We’ll help you decide whether subsidized or unsubsidized student loans are right for you.
Both subsidized and unsubsidized student loans are Direct Loans offered by the U.S. Department of Education. The type of loan and amount you can borrow each academic year is determined by your school, your dependent or independent status, and federal borrowing limits. Both loan types:
- Offer low, fixed interest rates and flexible income-based repayment (IBR) plans — typically 10% of your discretionary income if you’re a new borrower.
- Don’t require you to have a pre-established credit history.
- Have annual and lifetime maximum borrowing limits.
- Provide a grace period (typically six months) before loan repayment begins.
- Feature qualified loan forgiveness programs.
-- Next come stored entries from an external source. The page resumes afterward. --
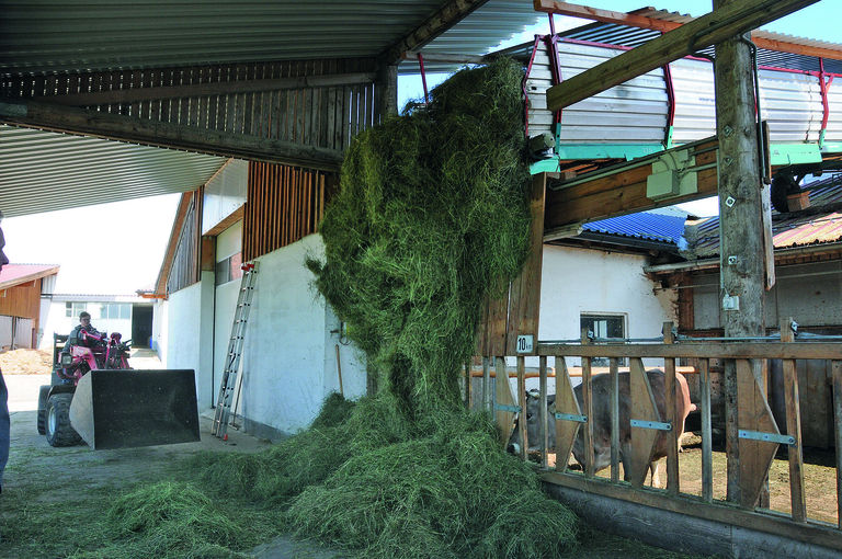 Die Futtertransportbrücke wirft das Heu direkt am Futtertisch ab, mit dem Hoflader wird es zu den Tieren geschoben. © LK Salzburg/Dürnberger
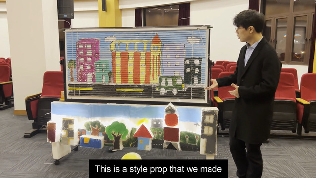 3月突如其来的疫情封控,打乱了队员们备赛2022年OM线上世界赛的节奏。在面临严峻的疫情挑战时,作为医学生,大多参赛队员都义不容辞地奔赴抗疫一线,参加防疫志愿者工作,有的担任抗原检测志愿者,有的负责维持核酸检测秩序等。在完成志愿者工作之余,队员们积极备战世界决赛,利用碎片时间进行了多次线上讨论剧本道具、交流解题思路并修改方案。例如,在工程类赛题中,为了节约时间和控制成本,队员们省去体积较大的道具设计,巧妙地设计了一个主舞台和一个微观舞台,并将评分点中“回形针的使用”运用在微观舞台的搭建上,用回形针制作成不同的景观,以此达到不同景别之间的来回转换,调动观众的视觉感官。比赛过程中,队员们展现了极强的创造力、表现力和团队协作能力,最终富有创意的参赛作品获得了裁判们的一致好评。今年的古典类赛题与以往不同,主题是音乐剧,因此除了道具和剧本的完善,音乐风格也是相当重要的一个部分。参赛队创新采用翻转背景板的方式,在背景板的正反两面都做了设计,其中利用麻绳围成高脚杯、碗、帽子以及展览柜里的展览灯等立体物品道具,贴合音乐剧中原始部落的“原始感”,在国际赛中受到评委的好评。
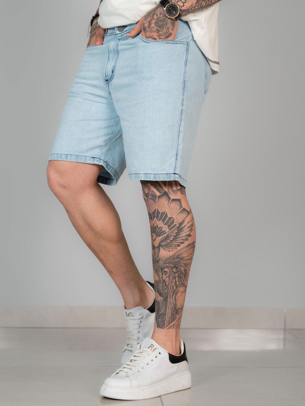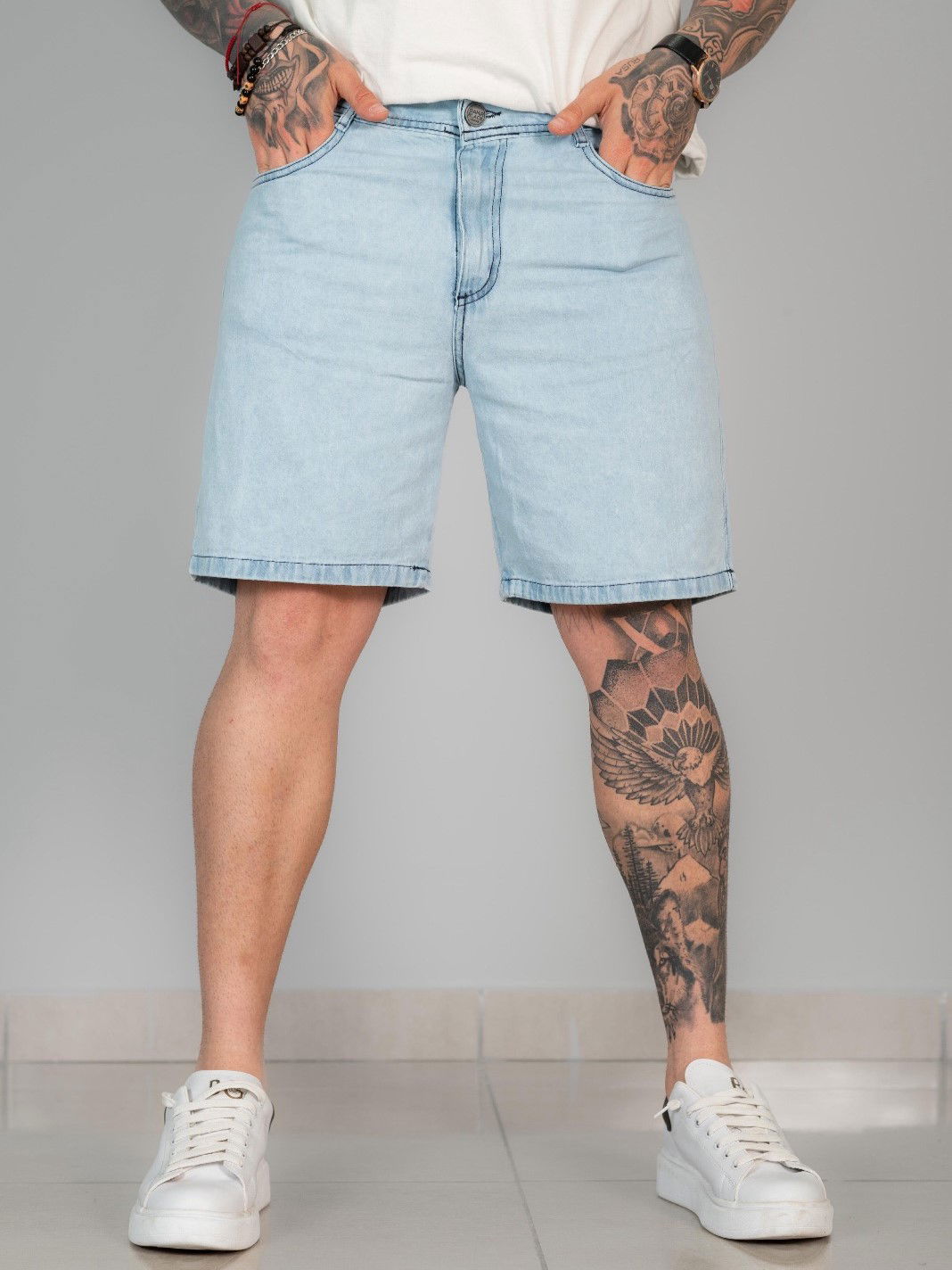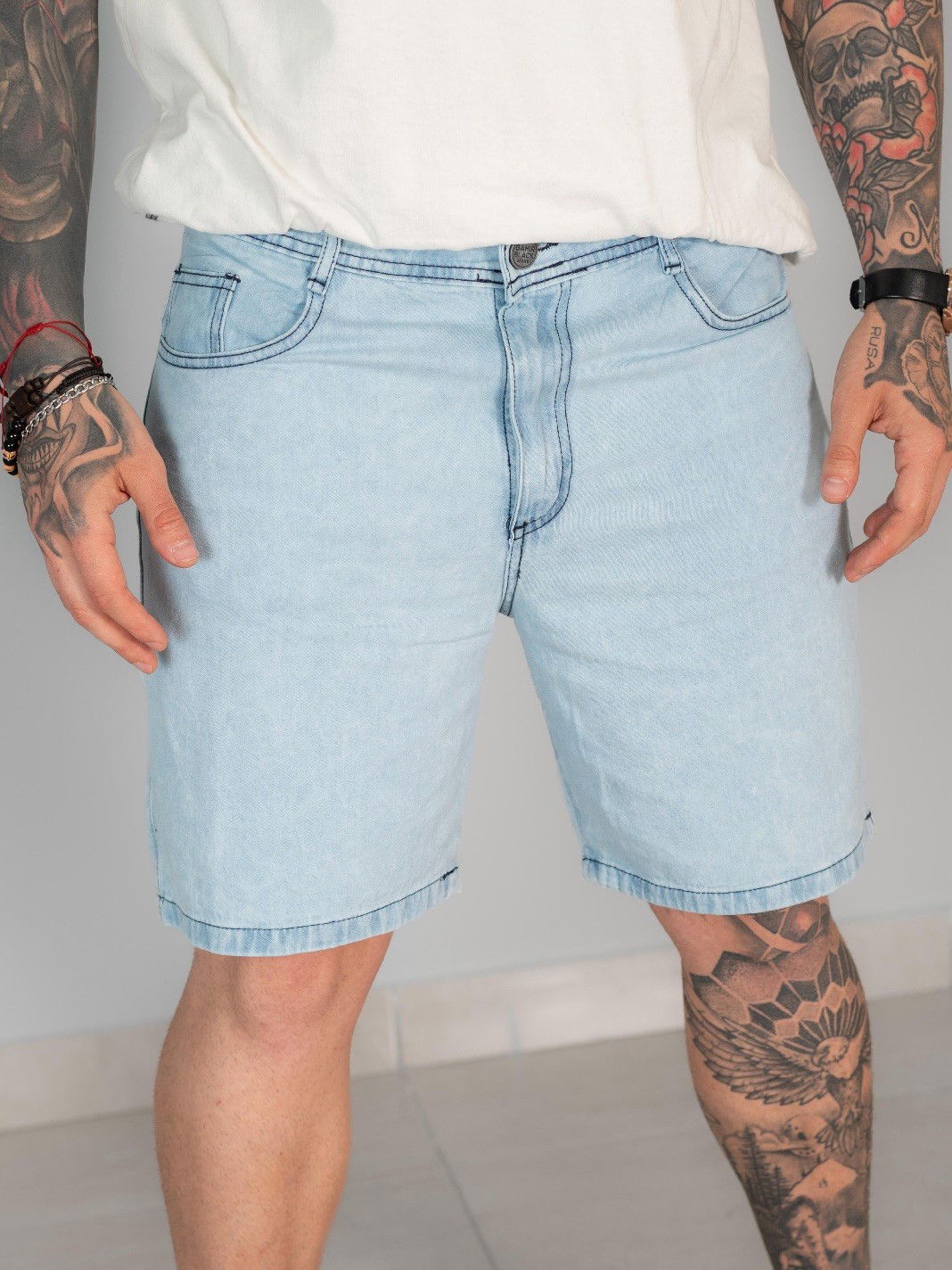 La Bermuda Sky Short es la versión más limpia y luminosa de la colección. Denim celeste claro, tacto liviano y un fit que equilibra comodidad y estilo. Minimalista pero con presencia, está pensada para quienes buscan una prenda versátil que se banque tanto la ciudad como la costa.

You can apply to the Pubic Service Loan Forgiveness program after making 120 qualifying payments (10 years’ worth) while working for an approved employer in the public sector. The Teacher Loan Forgiveness program can be applied to after teaching for five years in a low-income school district.
- Be enrolled or planning to enroll at least half-time as a student at a school that participates in the Direct Loan Program.
- Apply by submitting the Free Application for Federal Student Aid Form (FAFSA® form) each year. Filing early will maximize your eligibility. This year and every year, you can file as early as October 1 if you plan to attend a post-secondary school in the fall of the following year. The deadline to file varies by school and state, and some require the FAFSA form to be submitted by March.
- Maintain satisfactory academic progress.
- Meet specific requirements regarding: education, citizenship, residency, or immigration status; and Social Security documentation.
- Be registered with Selective Service if you are a male aged 18 to 25.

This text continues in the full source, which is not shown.